**GOAL OF THE EXERCISE**
Using the data below, print exactly the line with "Иногда, для избавления", the line with "Tema e ligjëratës", and every line between them, but none of the pictures.

Dataset items:
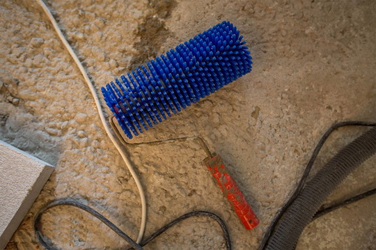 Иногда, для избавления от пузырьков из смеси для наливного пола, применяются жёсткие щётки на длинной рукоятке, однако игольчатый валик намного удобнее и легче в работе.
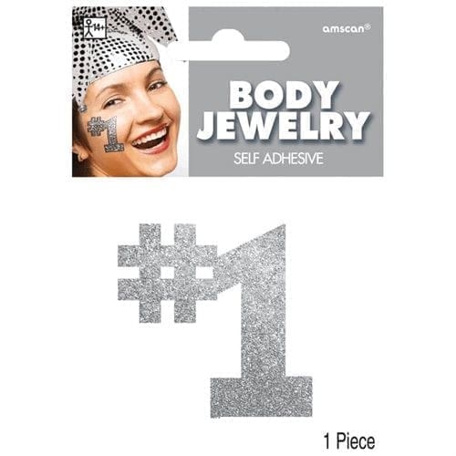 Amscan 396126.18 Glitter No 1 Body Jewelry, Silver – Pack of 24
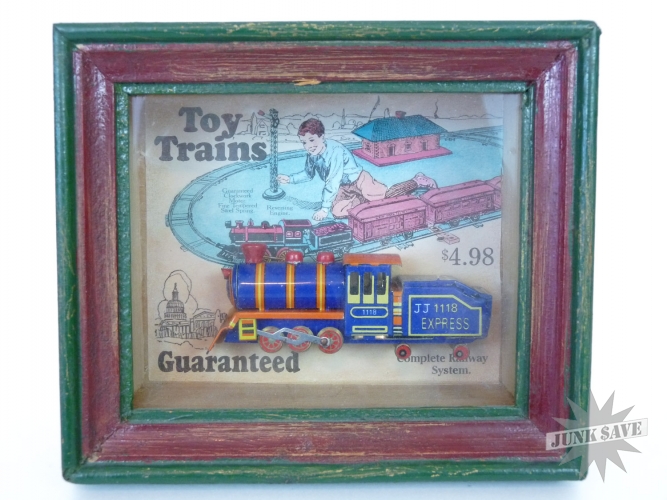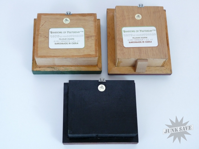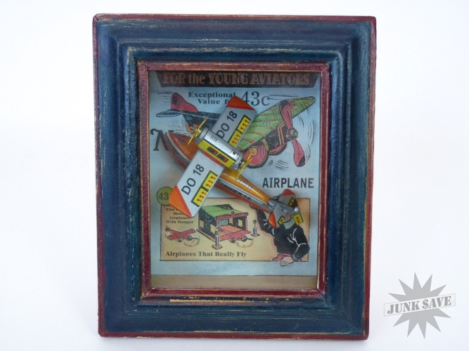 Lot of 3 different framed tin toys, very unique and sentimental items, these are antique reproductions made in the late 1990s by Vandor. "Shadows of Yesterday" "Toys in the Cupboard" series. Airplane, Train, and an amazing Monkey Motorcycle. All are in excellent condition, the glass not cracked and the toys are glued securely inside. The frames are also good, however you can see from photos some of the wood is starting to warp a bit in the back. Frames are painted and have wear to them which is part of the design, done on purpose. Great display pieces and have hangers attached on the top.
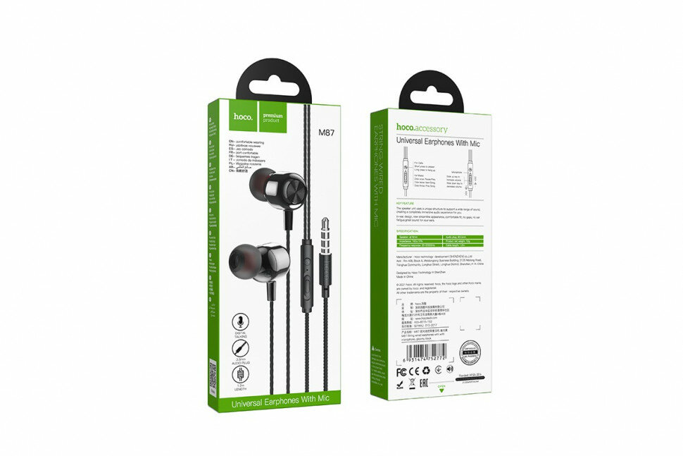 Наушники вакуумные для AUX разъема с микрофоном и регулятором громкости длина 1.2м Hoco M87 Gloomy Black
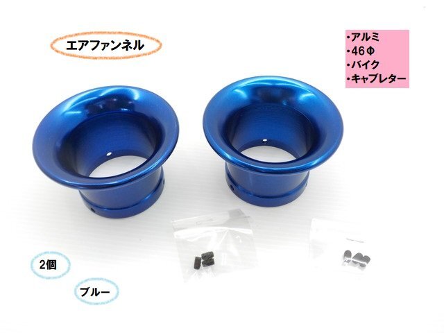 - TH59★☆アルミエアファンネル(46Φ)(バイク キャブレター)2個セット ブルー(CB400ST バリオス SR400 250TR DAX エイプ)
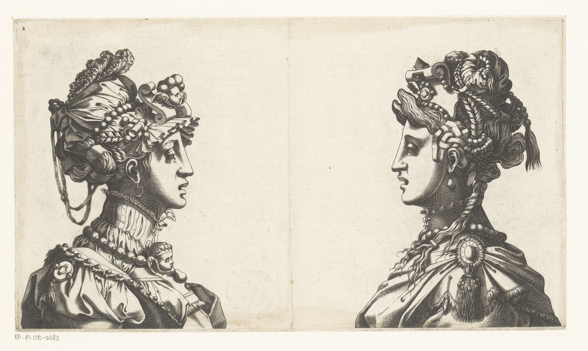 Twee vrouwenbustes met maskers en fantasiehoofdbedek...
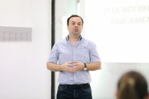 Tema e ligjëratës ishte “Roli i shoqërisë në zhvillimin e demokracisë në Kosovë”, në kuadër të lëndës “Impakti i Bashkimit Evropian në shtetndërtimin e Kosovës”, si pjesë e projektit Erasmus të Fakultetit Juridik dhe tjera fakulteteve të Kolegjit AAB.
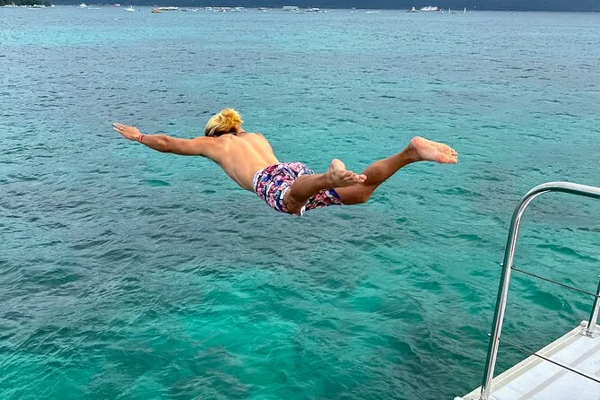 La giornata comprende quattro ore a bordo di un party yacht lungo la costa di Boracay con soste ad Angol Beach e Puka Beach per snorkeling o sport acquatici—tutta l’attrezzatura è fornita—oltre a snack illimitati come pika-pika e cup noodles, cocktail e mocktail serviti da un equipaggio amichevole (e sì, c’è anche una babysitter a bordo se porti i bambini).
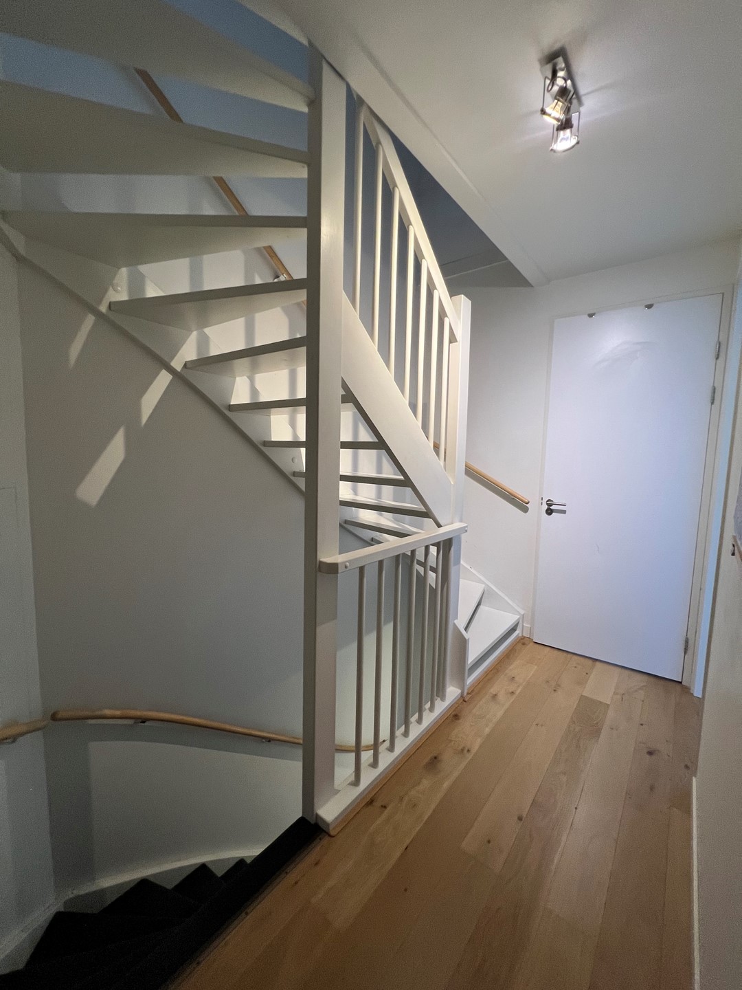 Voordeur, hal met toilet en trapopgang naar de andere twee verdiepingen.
---
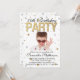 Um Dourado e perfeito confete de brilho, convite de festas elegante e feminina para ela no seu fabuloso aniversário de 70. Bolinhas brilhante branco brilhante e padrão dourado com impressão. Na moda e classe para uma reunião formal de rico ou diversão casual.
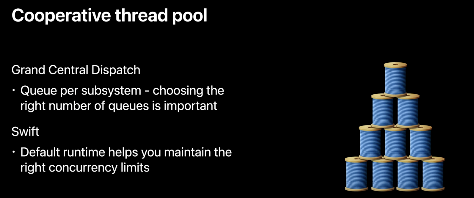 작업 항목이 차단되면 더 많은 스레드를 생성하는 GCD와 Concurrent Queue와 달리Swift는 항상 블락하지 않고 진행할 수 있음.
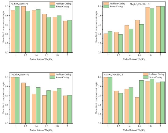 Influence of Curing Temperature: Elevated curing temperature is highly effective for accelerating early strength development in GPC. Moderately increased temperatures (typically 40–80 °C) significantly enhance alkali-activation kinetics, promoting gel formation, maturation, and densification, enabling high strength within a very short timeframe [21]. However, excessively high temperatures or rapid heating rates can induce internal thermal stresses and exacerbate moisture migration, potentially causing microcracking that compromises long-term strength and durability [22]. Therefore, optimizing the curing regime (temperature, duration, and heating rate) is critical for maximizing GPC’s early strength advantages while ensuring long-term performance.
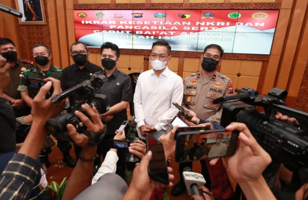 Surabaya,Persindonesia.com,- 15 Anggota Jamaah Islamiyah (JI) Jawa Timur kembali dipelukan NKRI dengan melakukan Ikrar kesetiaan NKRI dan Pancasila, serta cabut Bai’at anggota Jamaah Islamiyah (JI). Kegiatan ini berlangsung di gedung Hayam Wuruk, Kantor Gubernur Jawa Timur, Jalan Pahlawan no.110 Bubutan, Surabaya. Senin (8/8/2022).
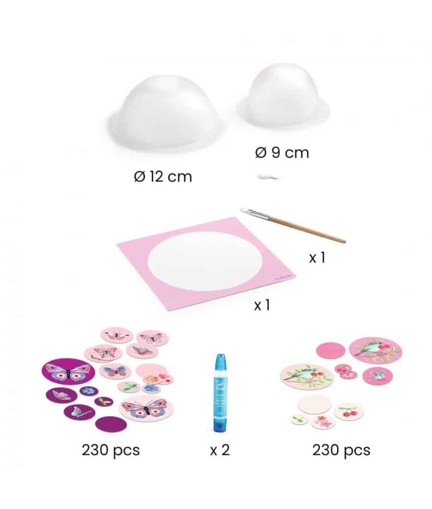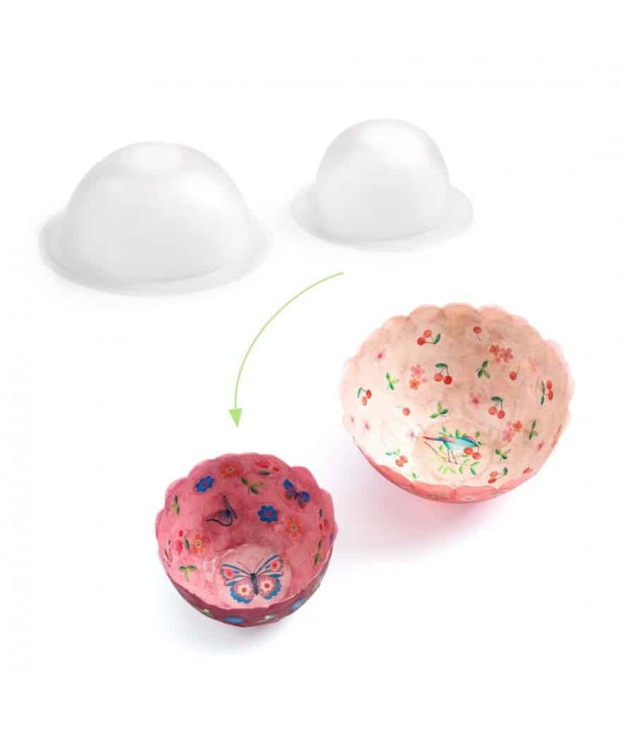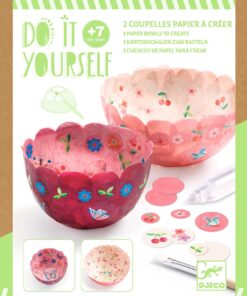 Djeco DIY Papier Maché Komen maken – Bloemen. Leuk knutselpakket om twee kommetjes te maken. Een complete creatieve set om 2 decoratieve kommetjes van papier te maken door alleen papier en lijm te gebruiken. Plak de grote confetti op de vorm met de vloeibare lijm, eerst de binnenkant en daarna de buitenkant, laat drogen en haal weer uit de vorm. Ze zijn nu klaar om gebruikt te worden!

**FINISHED TASK**
 Иногда, для избавления от пузырьков из смеси для наливного пола, применяются жёсткие щётки на длинной рукоятке, однако игольчатый валик намного удобнее и легче в работе.
 Amscan 396126.18 Glitter No 1 Body Jewelry, Silver – Pack of 24
 Lot of 3 different framed tin toys, very unique and sentimental items, these are antique reproductions made in the late 1990s by Vandor. "Shadows of Yesterday" "Toys in the Cupboard" series. Airplane, Train, and an amazing Monkey Motorcycle. All are in excellent condition, the glass not cracked and the toys are glued securely inside. The frames are also good, however you can see from photos some of the wood is starting to warp a bit in the back. Frames are painted and have wear to them which is part of the design, done on purpose. Great display pieces and have hangers attached on the top.
 Наушники вакуумные для AUX разъема с микрофоном и регулятором громкости длина 1.2м Hoco M87 Gloomy Black
 - TH59★☆アルミエアファンネル(46Φ)(バイク キャブレター)2個セット ブルー(CB400ST バリオス SR400 250TR DAX エイプ)
 Twee vrouwenbustes met maskers en fantasiehoofdbedek...
 Tema e ligjëratës ishte “Roli i shoqërisë në zhvillimin e demokracisë në Kosovë”, në kuadër të lëndës “Impakti i Bashkimit Evropian në shtetndërtimin e Kosovës”, si pjesë e projektit Erasmus të Fakultetit Juridik dhe tjera fakulteteve të Kolegjit AAB.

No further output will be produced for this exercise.